- _Work instructions_:
Starting at the line containing "El miércoles continuará" and ending at the line containing "10 Ocak’taki PM", transcribe the listing below exactly. Keep both end lines, skip the pictures, and copy nothing else.

- _Listed entries_:
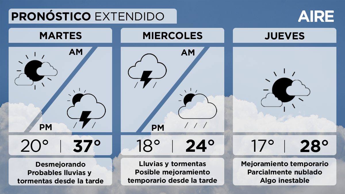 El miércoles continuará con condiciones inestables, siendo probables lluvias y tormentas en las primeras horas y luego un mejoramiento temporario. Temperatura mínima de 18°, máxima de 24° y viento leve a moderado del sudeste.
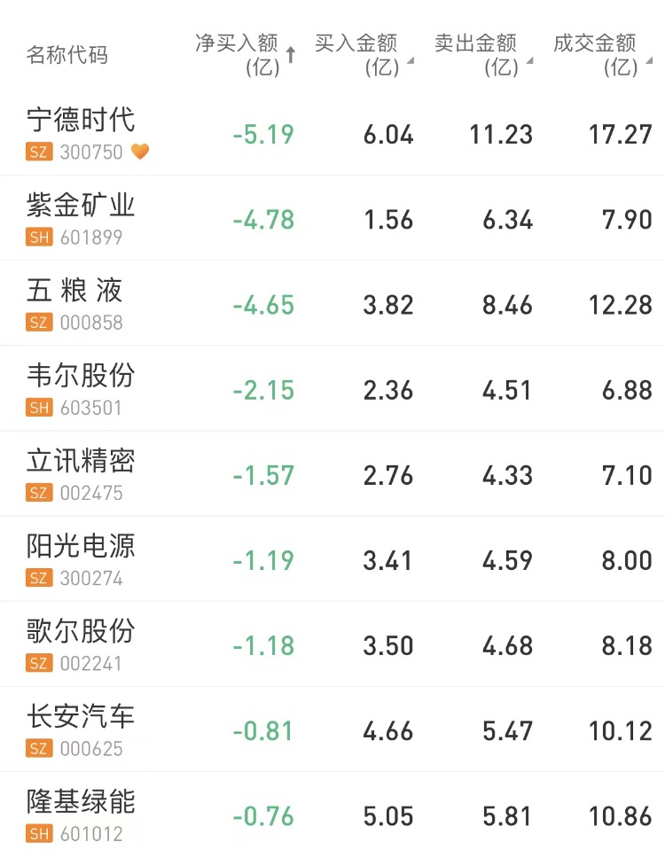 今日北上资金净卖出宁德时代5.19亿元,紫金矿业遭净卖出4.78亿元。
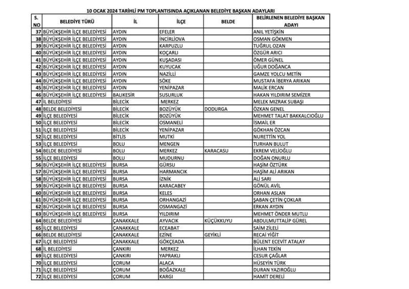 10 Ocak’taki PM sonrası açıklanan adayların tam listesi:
...
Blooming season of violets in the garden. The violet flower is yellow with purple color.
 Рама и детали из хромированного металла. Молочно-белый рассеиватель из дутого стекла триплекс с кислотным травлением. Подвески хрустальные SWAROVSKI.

- _Task solution_:
 El miércoles continuará con condiciones inestables, siendo probables lluvias y tormentas en las primeras horas y luego un mejoramiento temporario. Temperatura mínima de 18°, máxima de 24° y viento leve a moderado del sudeste.
 今日北上资金净卖出宁德时代5.19亿元,紫金矿业遭净卖出4.78亿元。
 10 Ocak’taki PM sonrası açıklanan adayların tam listesi:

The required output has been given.